» **Aim of the exercise**:
Would you repeat the data below exactly, taking out the images?

» **Stored data**:
####

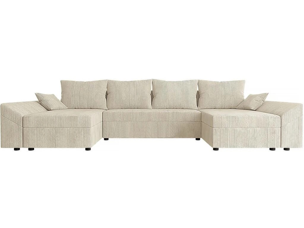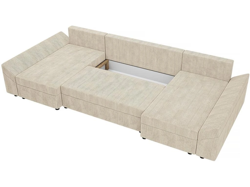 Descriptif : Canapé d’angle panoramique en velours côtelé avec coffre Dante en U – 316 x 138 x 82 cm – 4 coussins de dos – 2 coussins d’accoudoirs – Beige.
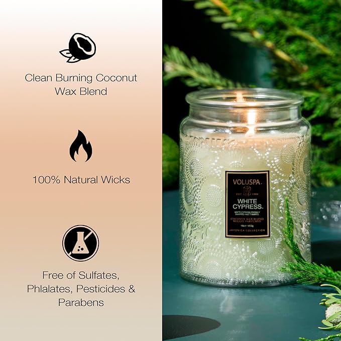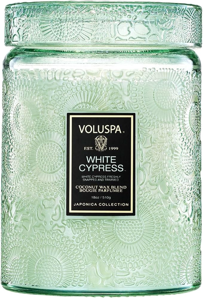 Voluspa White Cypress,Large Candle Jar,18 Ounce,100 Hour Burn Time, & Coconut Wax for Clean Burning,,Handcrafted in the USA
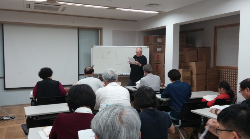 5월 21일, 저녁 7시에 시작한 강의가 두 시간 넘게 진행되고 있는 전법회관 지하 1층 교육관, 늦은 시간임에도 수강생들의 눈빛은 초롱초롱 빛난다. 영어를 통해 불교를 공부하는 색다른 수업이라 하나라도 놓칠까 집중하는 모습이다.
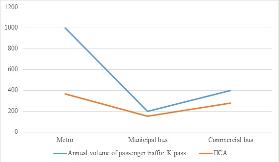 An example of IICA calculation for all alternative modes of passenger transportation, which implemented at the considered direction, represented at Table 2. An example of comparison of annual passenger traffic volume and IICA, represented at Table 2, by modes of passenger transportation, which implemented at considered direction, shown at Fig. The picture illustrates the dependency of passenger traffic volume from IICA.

####

» **Answer to this task**:
 Descriptif : Canapé d’angle panoramique en velours côtelé avec coffre Dante en U – 316 x 138 x 82 cm – 4 coussins de dos – 2 coussins d’accoudoirs – Beige.
 Voluspa White Cypress,Large Candle Jar,18 Ounce,100 Hour Burn Time, & Coconut Wax for Clean Burning,,Handcrafted in the USA
 5월 21일, 저녁 7시에 시작한 강의가 두 시간 넘게 진행되고 있는 전법회관 지하 1층 교육관, 늦은 시간임에도 수강생들의 눈빛은 초롱초롱 빛난다. 영어를 통해 불교를 공부하는 색다른 수업이라 하나라도 놓칠까 집중하는 모습이다.
 An example of IICA calculation for all alternative modes of passenger transportation, which implemented at the considered direction, represented at Table 2. An example of comparison of annual passenger traffic volume and IICA, represented at Table 2, by modes of passenger transportation, which implemented at considered direction, shown at Fig. The picture illustrates the dependency of passenger traffic volume from IICA.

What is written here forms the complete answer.